Schlocktoberfest IV – Day 10: Grave Encounters

 

Schlocktoberfest IV

Grave Encounters (2011)

Trailer:

*Spoilers Throughout*

grave_encountersWhat’s It About: Douchebags film a douchey ghost hunting show but get more than they douched for when real douchey ghosts show up to end their douchery.

Here are some of my observations as I watched the film:

  • I can’t believe I’m subjecting myself to another found footage horror film, but here we go. I love you, [REC].
  • I used to love the show Ghost Adventures, but it got hokier and hokier and shittier and shattier and then I realized that I don’t believe in ghosts and I stopped watching it. This movie is obviously a spoof of Ghost Adventures, and captures its cheesiness very well.
  • Ohh, this “old” psychiatric ward footage is horrendous. Why does literally everyone have black around their eyes?
  • These people seem very Canadian…
  • This movie apes Ghost Adventures so well it perfectly recreates my feeling of wanting to fast forward through the beginning like every episode of Ghost Adventures.
  • Haha, paying the gardener “off camera” to claim he saw a ghost is pretty funny, and something I’m sure these ghost shows do.
  • Ahh, the bullshit psychic medium. I applaud this movie’s thoroughness.
  • About 1/3 of the way through—things need to start picking up.
  • Everything so far is telegraphed, so it’s not remotely scary. Like the camera lingers on a wheelchair in a hallway, and obviously it’s going to move, then it moves. Congratulations. That was as scary as a sunset.
  • Apparently the character of T.C. solely exists to say the word “fuck” over and over and over. He literally says at minimum one fuck every sentence. It gets comical after a while and renders all of his dialogue ridiculous.
  • At least this is vaguely interesting. Much more tolerable than Session 9.
  • Just when this movie seems ok, the girl gets “HELLO” carved into her back, and we’re back into stupid territory.
  • And again, a cool ghost face, then an awful invisible air choking. It’s like a seesaw with Mitch Hedberg on one end and Carlos Mencia on the other.

    Hey miss, would you like to watch this Carlos Mencia special with me?

    Hey miss, would you like to watch this Carlos Mencia special with me?

  • The crew suddenly has hospital bracelets on. Fuck this.
  • So they find the missing guy from before and he’s now acting like a mental patient and it’s insanely stupid.
  • Arms everywhere! It’s the attack of the high school play special effect!
  • Another telegraphed jump scare. Maybe Ray Charles didn’t see that coming since his blind eyes have rotted out of his dead skull, but he still probably did.Ray Charles zombie
  • This is getting gravely tedious and repetitive.
  • You’re STILL yelling, “Who’s there?! Who is that?!” at the ghost moans??
  • So his flashlight goes out, leaving him only the camera light in the dark tunnels, but he still leaves it on to record himself for absolutely no reason other than to drain the battery.
  • Lobotomy ending.
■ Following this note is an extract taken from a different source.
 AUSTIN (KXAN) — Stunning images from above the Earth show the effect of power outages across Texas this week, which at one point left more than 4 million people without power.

Lucky bastard.

Is It Actually Scary: There are a few halfway decent scares, and you’ll probably be bored enough by the repetitiveness of the rest of the movie to be caught off guard.
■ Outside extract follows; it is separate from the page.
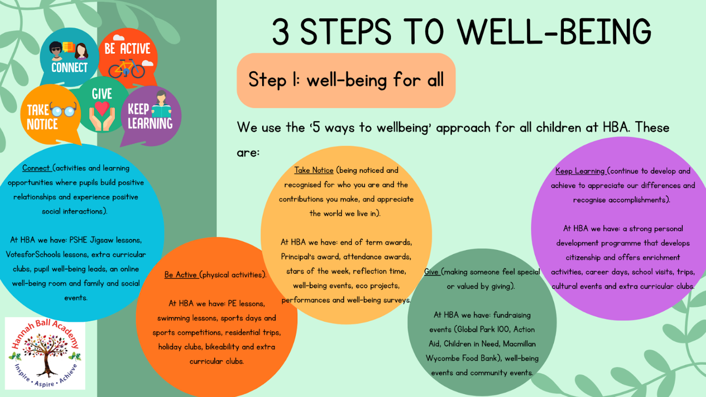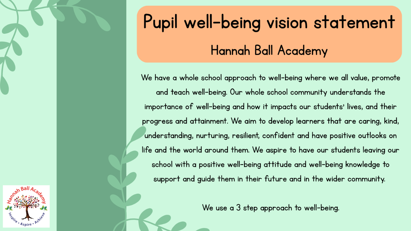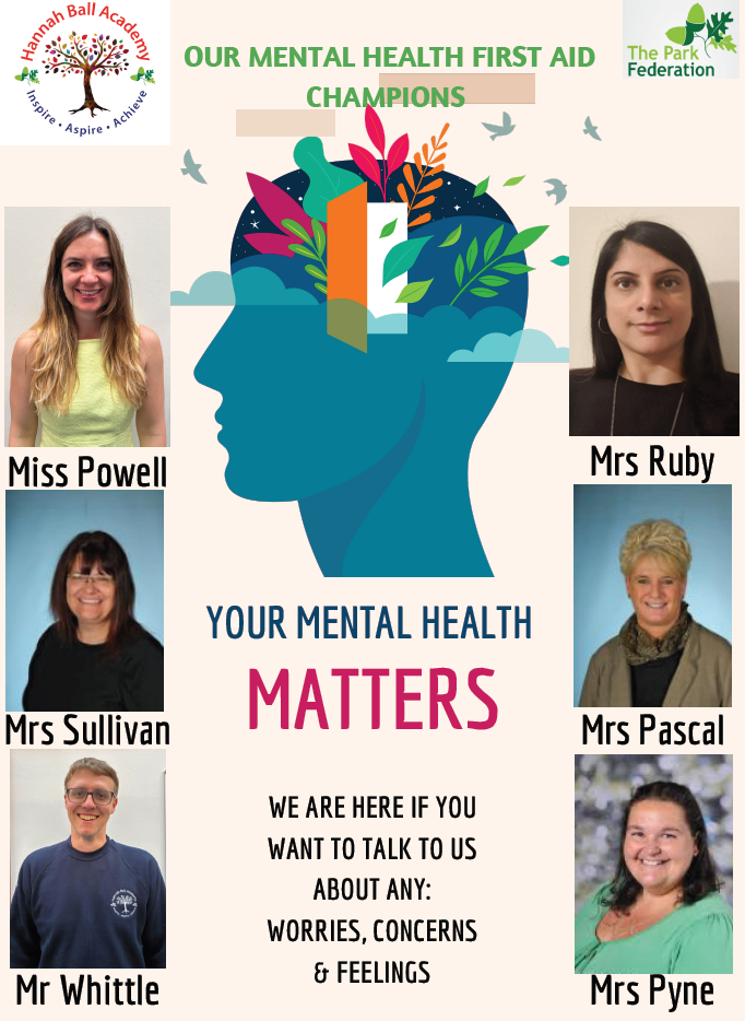 Miss Powell is the Senior Mental Health Lead at Hannah Ball Academy. She has undertaken numerous training courses on mental health for pupils and staff, and has completed the course called 'Establishing a Whole School Approach' to wellbeing. The aim of the whole school approach is that our whole community are knowledgeable and committed, talk freely about mental health, have a positive culture and to reduce the stigma around mental health, and do this collaboratively. It also aims for the whole community to raise quality and standards across the entire school for wellbeing.

How Much Gore: As much gore as The Vicious Brothers could afford on their $14 budget.

Best Scene: I liked that the front door to the asylum kind of went through a ghost dimensional warp and ended up just leading to another corridor later.

Grave Encounters door

Worst Scene: The ghost arms. Why would they even be doing this?

This room is heavily armed.

This room is heavily armed.

Any Nudity: There’s a ghost penis that flies around and inconveniences the crew.

Overall: While I appreciated the spoof aspects of this movie, the actual horror aspects of it were stale and predictable. Despite it being found footage, it had the foundation of a decent movie and a couple of good scenes, but ultimately it was same shite, different setting. It’s basically a [REC] ripoff (Recoff?) with ghosts instead of demon zombies (well, actually there are demon zombies in this) but [REC] actually had a good story and characters to care about. Will any of the Ghost Encounters crew make it out alive? You won’t care in the slightest.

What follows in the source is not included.